Blair will not be there for ever. During the election campaign, he will say that he will stay on for the full life of the next parliament. But no one really knows - perhaps even he doesn't really know yet. The euro campaign, which he is determined to fight, is a dangerous one. Both Gordon Brown and David Blunkett are clear contenders to replace him. Both are producing personal manifestos for after the election, and both of them are well aware that the electorate wants an answer to the question: "Where is the next Labour administration going?"
They are unlikely to come up with vastly differing answers, though Blunkett is more "Blairite" or "right-wing" on social issues than Brown. Both feel a strong commitment to ending poverty and improving public services. They hear, because we all do, the criticisms that the current prime minister is not ideological, not enough of a party man.
But the job of leader is very unlike the job of departmental minister, even the job of Chancellor.
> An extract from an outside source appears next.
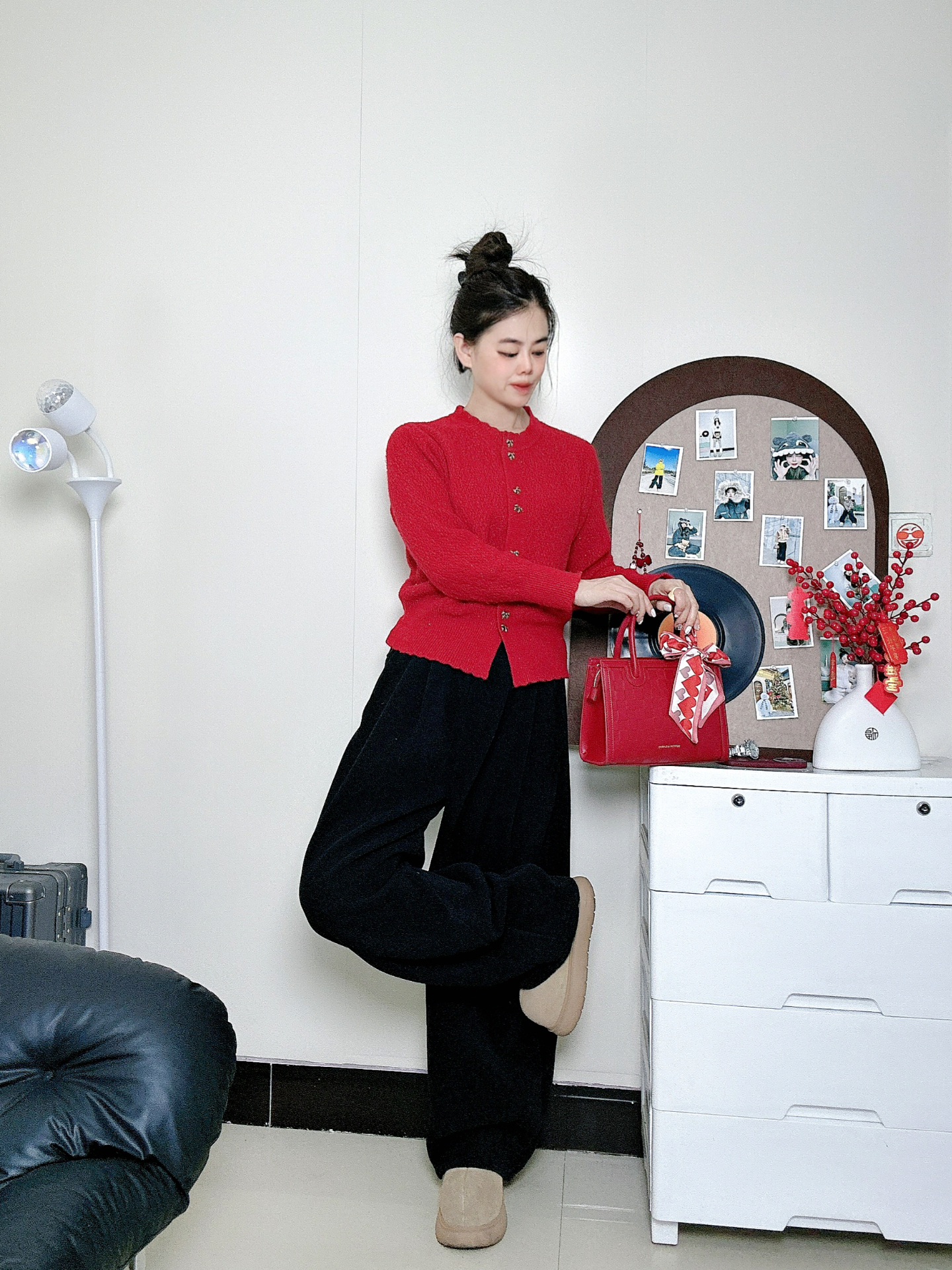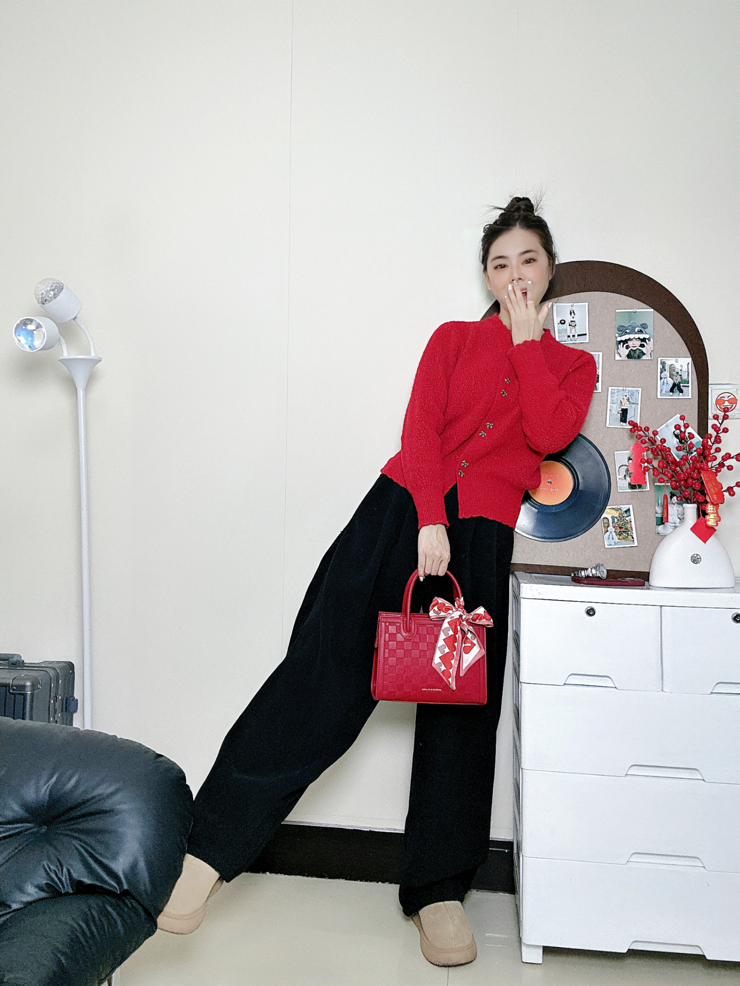 针织开衫➕阔腿裤➕厚底鞋 上短下长显高显瘦显腿长✌🏻️ 穿搭怎么能少了点睛之包呢 #稻草人 戴妃包 红色的包包还是第一次背 正好本命年背红包发大💰 棋盘格很有质感 搭配的丝巾有那么一丢丢浪漫 包内容量很大手机 充电宝等日常用的都可以装的下 可单肩可斜挎可手拎 日常通勤 逛街背都是👌🏻的 图源网络侵删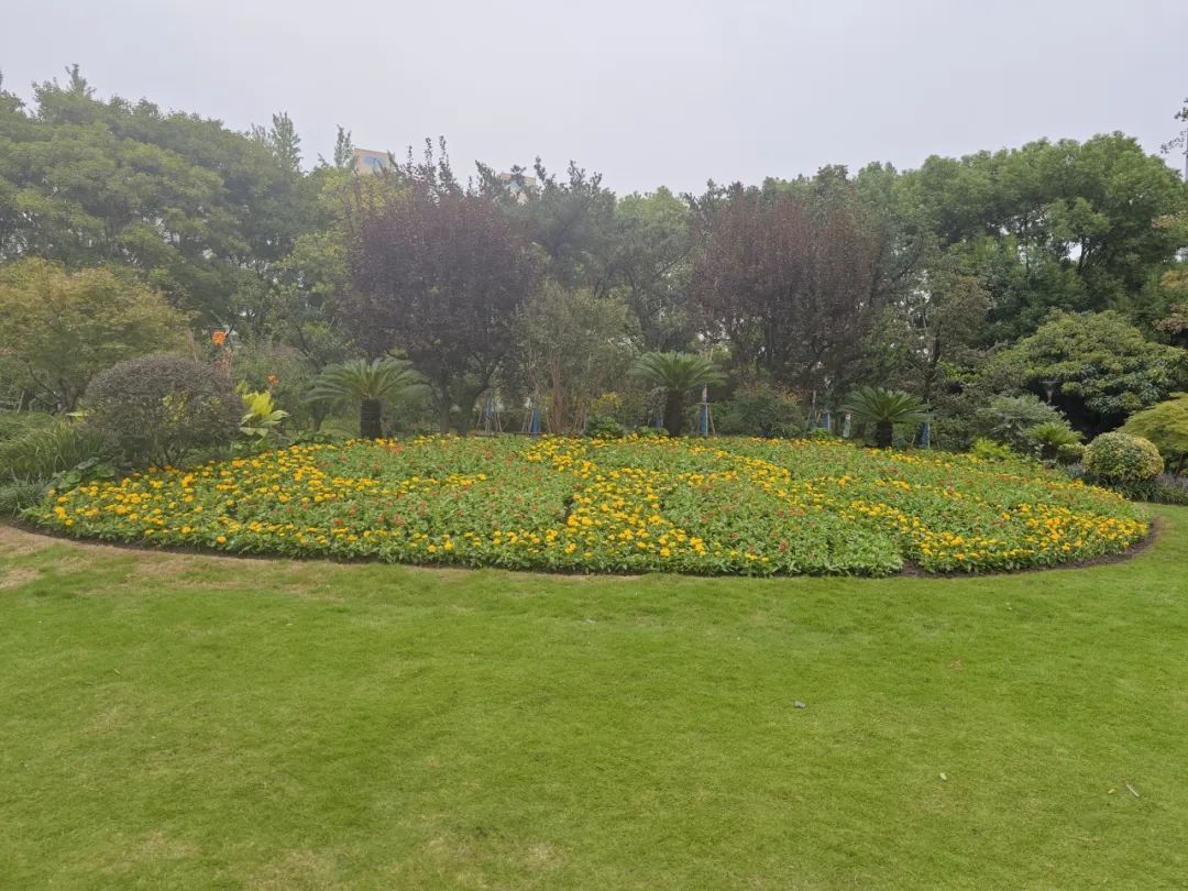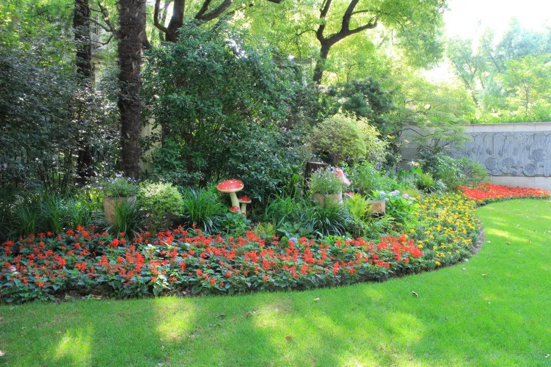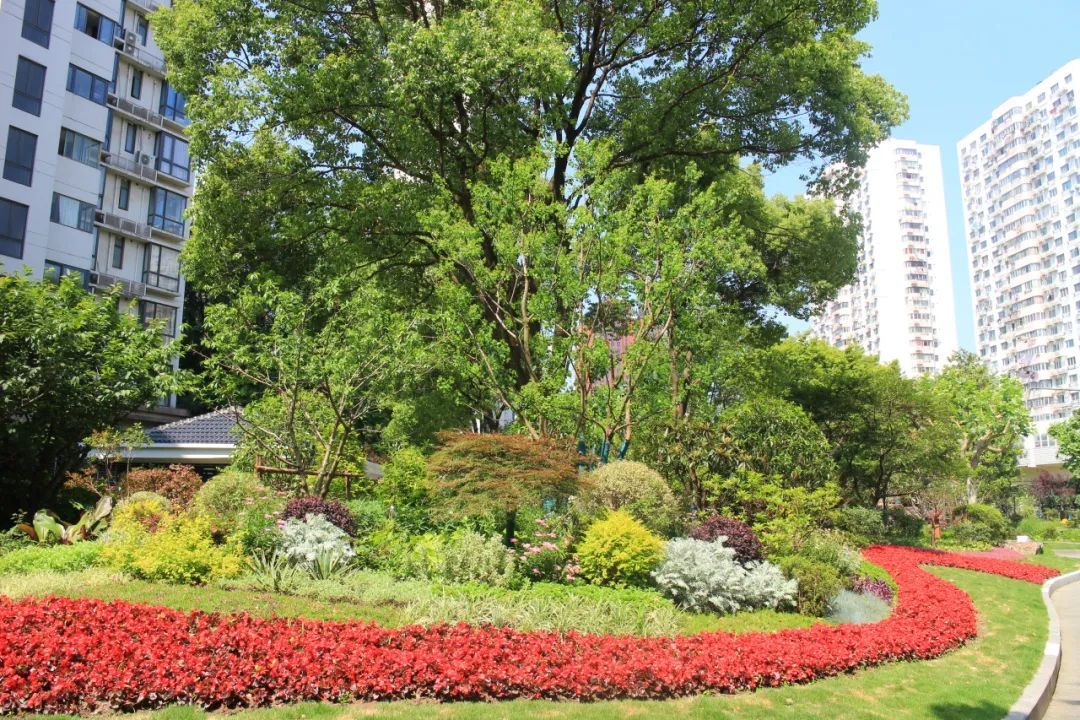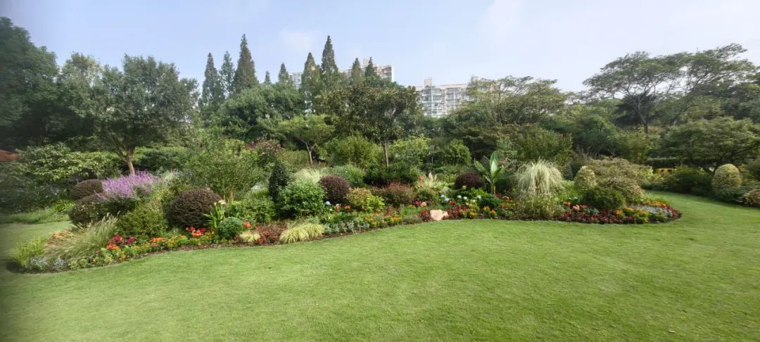 本花境以红黄色调为主,以高大乔木为背景,以桂花、紫荆、木绣球、金枝国槐等灌木小乔木作为骨架,搭配红花檵木,小丑火棘、圆锥厚皮香、羽毛枫等造型树及色叶树作为中层。本次在原有基础上增加了羽毛枫、红花檵木、卫矛、金枝侧柏、木绣球、郁李以及紫株,不仅丰富层次感,也增加中层植物结构稳定性,选用筋骨草、八宝景天、玉簪、大花葱、七彩朱蕉、赤胫散、红花鼠尾草等植物材料提升了花境整体色彩丰富,形成架构稳定,高低错落,色彩缤纷的大型花境,为整个长风公园增添了许多节日气氛。

You are leader of the country, all of it, not just of the party or your departmental cause. There is nowhere to hide. You are relentlessly observed, pilloried, blamed for things that are not your fault. Your private life is ransacked and impertinently analysed. A very strong sense of what you stand for is essential if you are to hold up against the persistent press campaigns and the focus groups.
Everyone at the apex of new Labour should be watching the Tory leadership contest with more than simple glee. There are lessons there. The electorate is wary of those who tack and change too much, who it suspects are not true to themselves. Look at Portillo's low ratings. Come to think of it, look at Hague's - a man who started off with a "common-sense" revolution, but then took two steps to the right each week. People like to know who they are voting for and what their vision is. I suspect that, after Blair, what Labour and the country will want is a leader with a clear sense of where they are going.
News that any would-be leader is prepared to set out his vision in black and white is only to be welcomed.